In flowchart form, long polling is super simple:

So we’re all sorted right? Not quite.

The problem with long polling using a regular web server is, it’s not very efficient. You end up with a LOT of open connections, and other than having IIS sit there spinning on each ‘poll’ page waiting for new data to come in, there’s not really a nice notification structure either. Apache is even worse on this front as it really dislikes connections being held open. Another minor snag is that you don’t want to query the original hostname for the data. Most browsers only allow you 2 connections per site, so if you tie up one on the polling there’s only one left to actually fetch data.

So, the answer is a dedicated polling server.

These things exist in the *nix world, most notably CometD, but it’s a lot to learn just to do something simple.

After 10 minutes of pontificating, I decided to do the obvious. Make my own! Project Totem is born. ( because a Totem is a ‘long pole’ and also as a nod to my friend Sam who runs Totem Development )

In essence it’s a very simple Windows Sockets application that just pushes Javascript back to the browser. The browser then executes that script and gets the data from the original web server.

The server generates a GUID that’s sent to each page in the polling javascipt. The server also tells Totem that it’s served that GUID, and that page needs to know about changes to data sets A, B and C.

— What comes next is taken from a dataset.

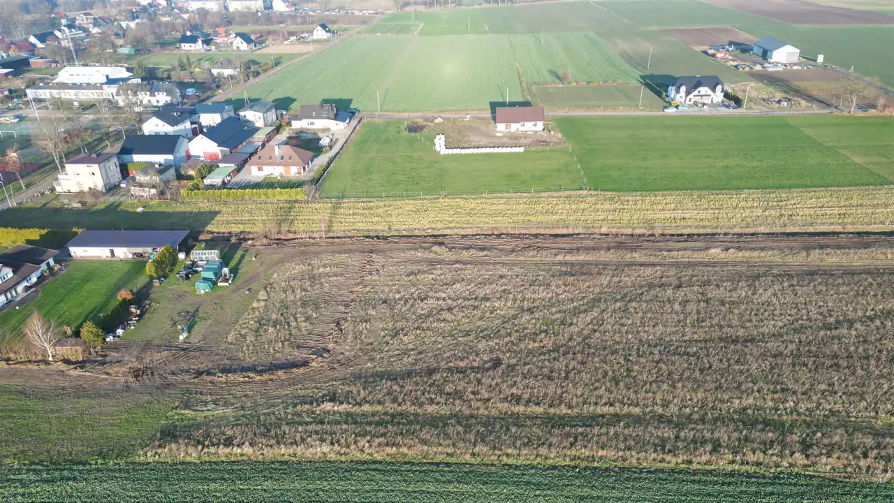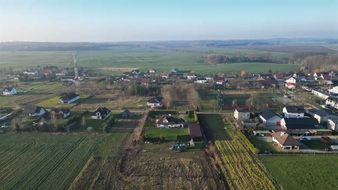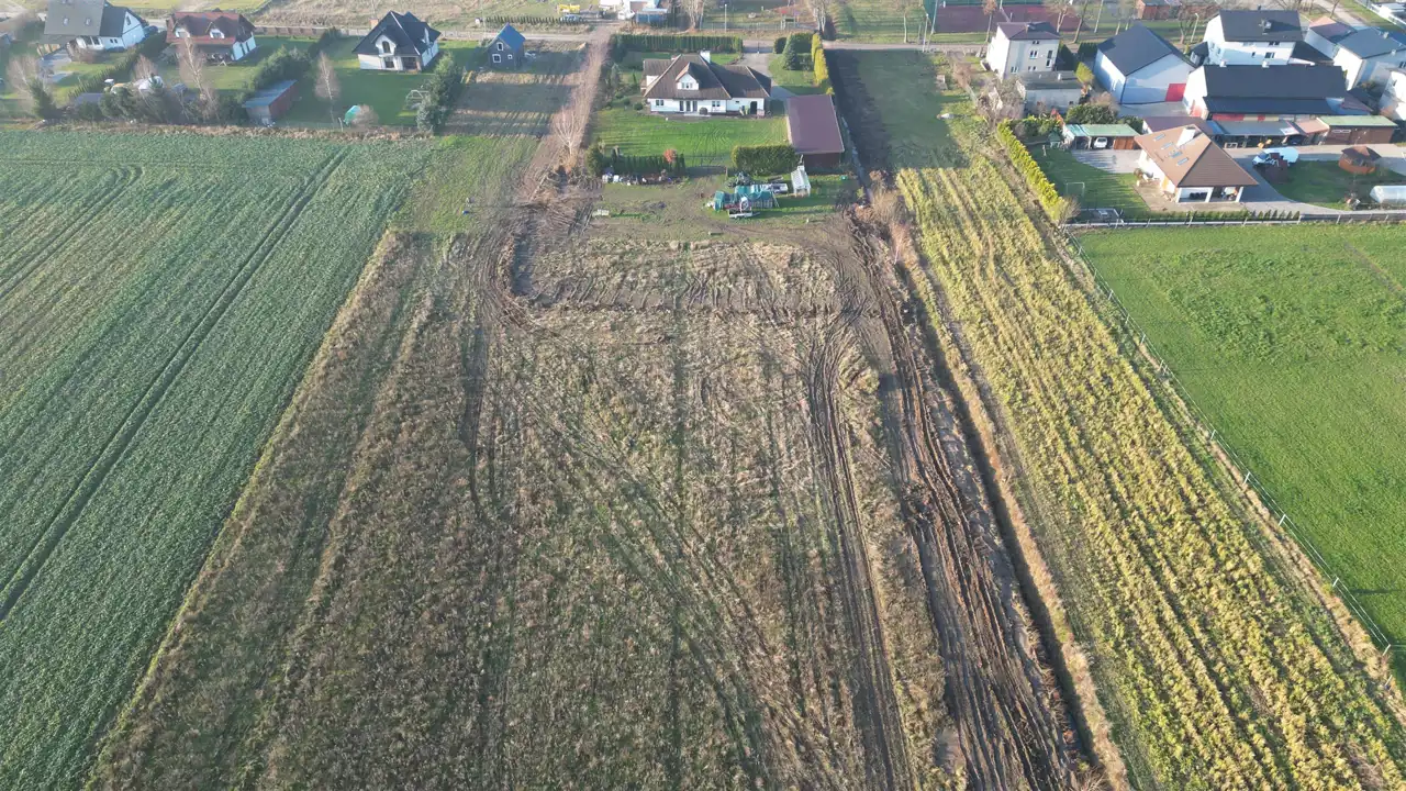 Nie jest objęta MPZP, jednak na sąsiednie działki zostały już wydane warunki zabudowy. Bezpośrednio przy granicy działki znajdują się media (prąd, woda), co dodatkowo zwiększa jej atrakcyjność i obniża koszty uzbrojenia działki.

The browser then polls Totem using the GUID, and if there’s nothing new the request will just time out after 20 seconds. It then polls again, and repeats polling using a 20 second timeout. The very millisecond that Totem gets a notification from the webtier that say data set A has changed, it returns the appropriate Javascript back to the browser and shuts the connection. The browser then does whatever you want to go get the data etc.

I’ll explain more about how I’m tracking keys/scripts and GUIDs etc in part 2 🙂